Top of THE INPUT

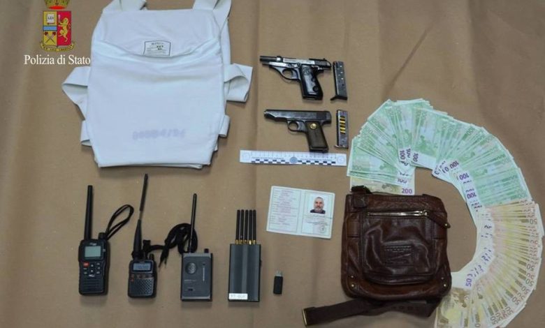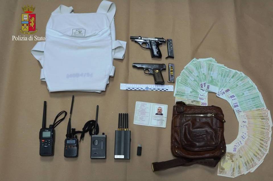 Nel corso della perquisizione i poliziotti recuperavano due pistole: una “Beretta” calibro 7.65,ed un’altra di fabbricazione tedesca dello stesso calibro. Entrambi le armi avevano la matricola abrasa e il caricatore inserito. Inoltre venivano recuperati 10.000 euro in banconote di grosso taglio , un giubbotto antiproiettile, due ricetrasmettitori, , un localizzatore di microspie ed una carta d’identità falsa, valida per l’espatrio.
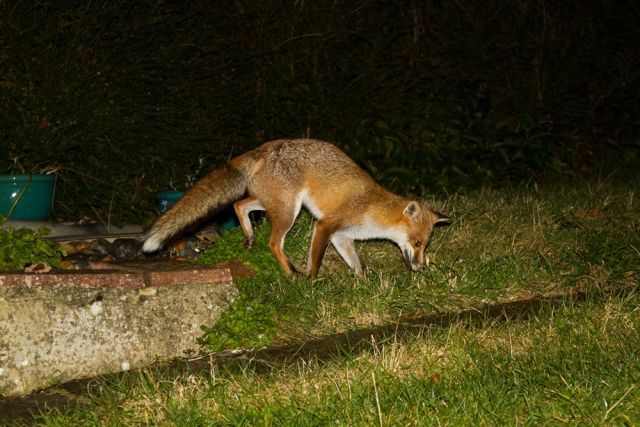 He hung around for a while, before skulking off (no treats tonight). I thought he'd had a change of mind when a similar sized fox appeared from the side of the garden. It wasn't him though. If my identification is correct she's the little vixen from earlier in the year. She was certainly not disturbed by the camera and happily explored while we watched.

Bottom of THE INPUT
Top of THE INPUT

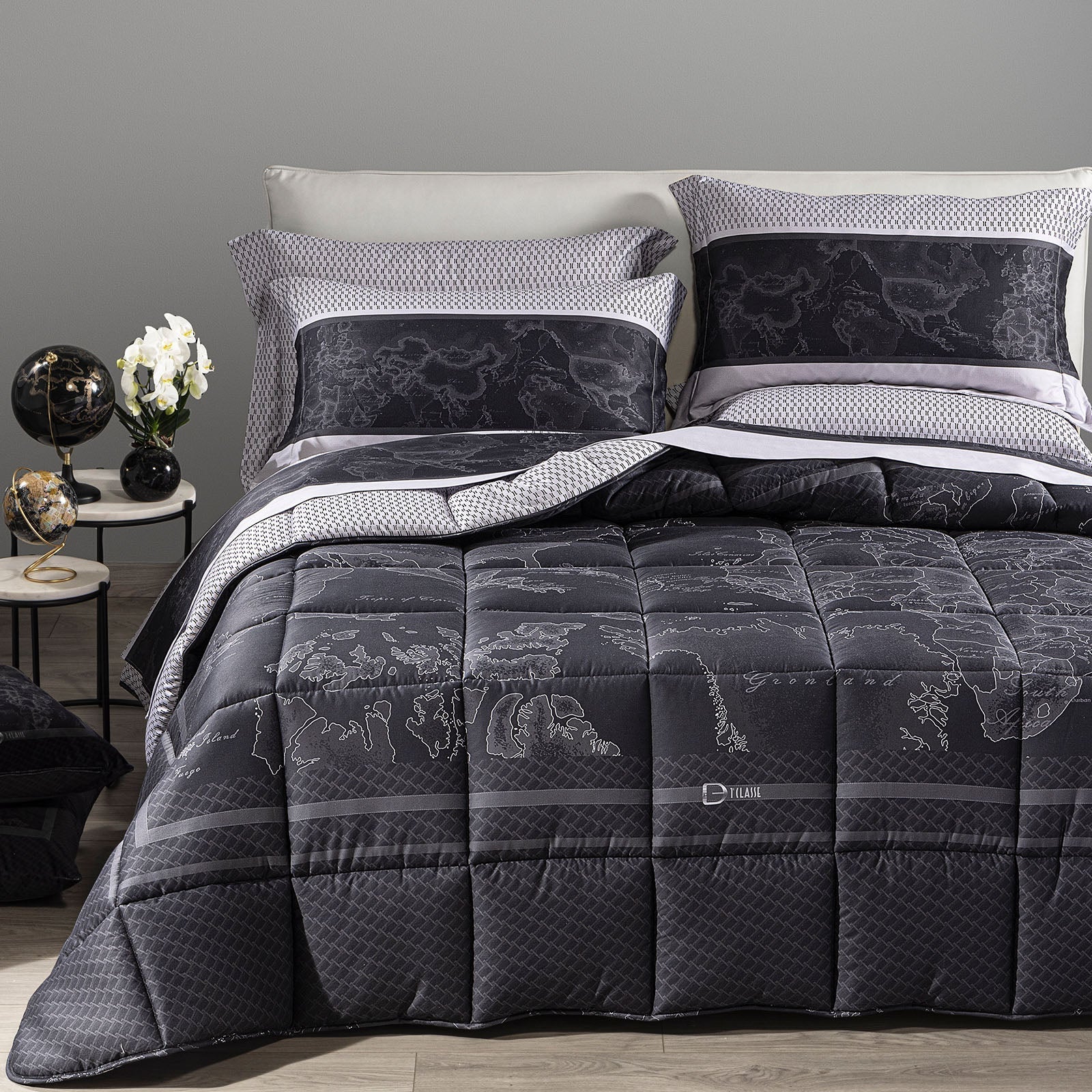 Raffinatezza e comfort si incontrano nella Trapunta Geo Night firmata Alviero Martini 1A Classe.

Bottom of THE INPUT
Top of THE INPUT

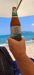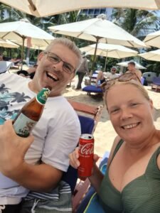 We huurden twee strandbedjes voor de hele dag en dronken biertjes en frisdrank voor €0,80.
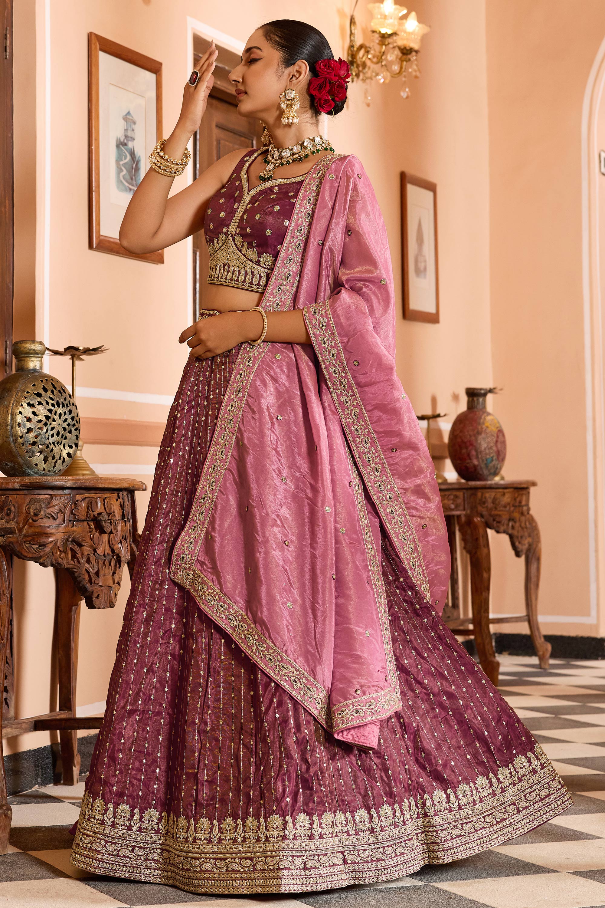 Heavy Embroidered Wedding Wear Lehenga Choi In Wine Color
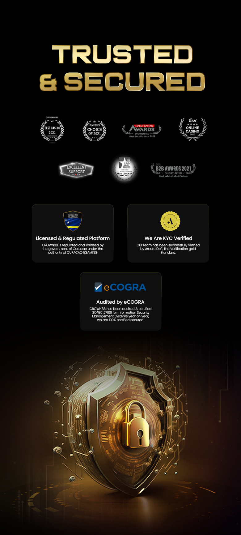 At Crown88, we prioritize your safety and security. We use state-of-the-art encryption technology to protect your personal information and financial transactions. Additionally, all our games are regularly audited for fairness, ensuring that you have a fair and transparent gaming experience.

Bottom of THE INPUT

### EXERCISE PROMPT
What's needed is an exact copy of the lines above from the one with "Nel corso della" through the one with "He hung around", both included; the pictures stay out.

### WRITTEN RESPONSE
 Nel corso della perquisizione i poliziotti recuperavano due pistole: una “Beretta” calibro 7.65,ed un’altra di fabbricazione tedesca dello stesso calibro. Entrambi le armi avevano la matricola abrasa e il caricatore inserito. Inoltre venivano recuperati 10.000 euro in banconote di grosso taglio , un giubbotto antiproiettile, due ricetrasmettitori, , un localizzatore di microspie ed una carta d’identità falsa, valida per l’espatrio.
 He hung around for a while, before skulking off (no treats tonight). I thought he'd had a change of mind when a similar sized fox appeared from the side of the garden. It wasn't him though. If my identification is correct she's the little vixen from earlier in the year. She was certainly not disturbed by the camera and happily explored while we watched.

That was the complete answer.